In the step S201, a frame number i is initialized to one in order to process the first frame within the correction frame range, to read in the memory the first frame within the correction frame range. In the step 202, the frame number i is increased by one, to read in the memory the succeeding frame.
In the step S203, a geometric conversion coefficient is calculated between the frame (target frame) read in the step S202 and the preceding frame. The geometric conversion coefficient will be described later. In the step S204, geometric conversion coefficients between the adjacent frames from the first frame within the correction frame range to the target frame are accumulated, to calculate the geometric conversion coefficient between the first frame within the correction frame range and the target frame. The geometric conversion coefficient obtained in the step S204 is an automatic stabilization control coefficient for subjecting the target frame to automatic stabilization control.
In the step 205, it is judged whether or not the target frame is the final frame within the correction frame range. When the target frame is the final frame within the correction frame range, the processing is terminated. In the other case, the procedure is returned to the step S202.
FIGS. 3a and 3b are diagrams for explaining the principle upon which automatic stabilization control is carried out by geometric conversion.
Two frames which are continuous in time shown in FIG. 3a indicate that although the same scene is picked up, the position thereof is shifted by automatic stabilization control.
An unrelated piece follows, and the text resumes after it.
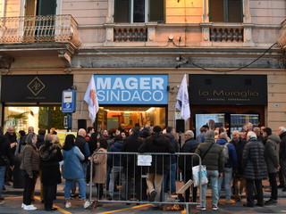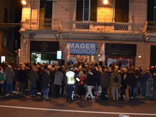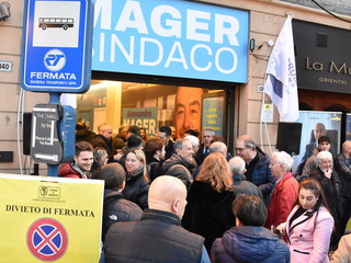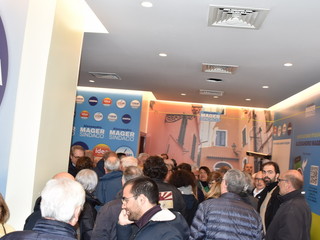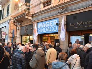 Almeno 500 persone ammassate soprattutto all’esterno, questa sera per l’apertura del point elettorale del candidato a sindaco della coalizione civica formata da sei liste, Alessandro Mager.

In order to carry out automatic stabilization control so that a subject is not moved, this is feasible by making geometric conversion between the frame number i-1 and the frame number i. The geometric conversion in the simplest case is a two-dimensional parallel movement, which is represented by a two-dimensional parallel movement as indicated by an arrow in FIG. 3b. In the more complicated geometric conversion, affine transformation, projective plane transformation, and so on are used.
The geometric conversion can be calculated by extracting a motion vector between the images. As to the geometric conversion coefficients calculated between the adjacent frames, when a coordinate axis is selected such that the first frame within the correction frame range is used as the basis, the geometric conversion coefficient between each of the frames within the correction frame range and the first frame within the correction frame range can be calculated by successively multiplying the geometric conversion coefficients, starting with the first frame within the correction frame range.
FIG. 4 is a diagram for explaining the processing in the step S103 shown in FIG. 1, that is, the processing for extracting the image area (common area) where the image is common among all the frames within the correction frame range from the automatic stabilization control coefficient for each of the frames within the correction frame range.
FIG. 4 illustrates a case of three frames. In order to carry out automatic stabilization control by geometric conversion to indicate that there is no invalid area in a peripheral part of an image, an image area where the image is common among all the frames within the correction frame range, indicated by hatching in FIG. 4, must be extracted. Further, the area is smaller in size than the input frame. Therefore, the area is made equal in size to the input frame by subjecting the image to enlargement processing.
However, the common area is subjected to enlargement processing for the frame which is to be subjected to automatic stabilization control, while not being subjected to enlargement processing in the frame which is not to be subjected to automatic stabilization control. Therefore, an enlargement ratio differs between the frame which is designated as one in the correction frame range and the frame which is not designated as one in the correction frame range. When viewed as the entire series of images, an unnatural joint occurs between the frame which has been subjected to automatic stabilization control and the other frame.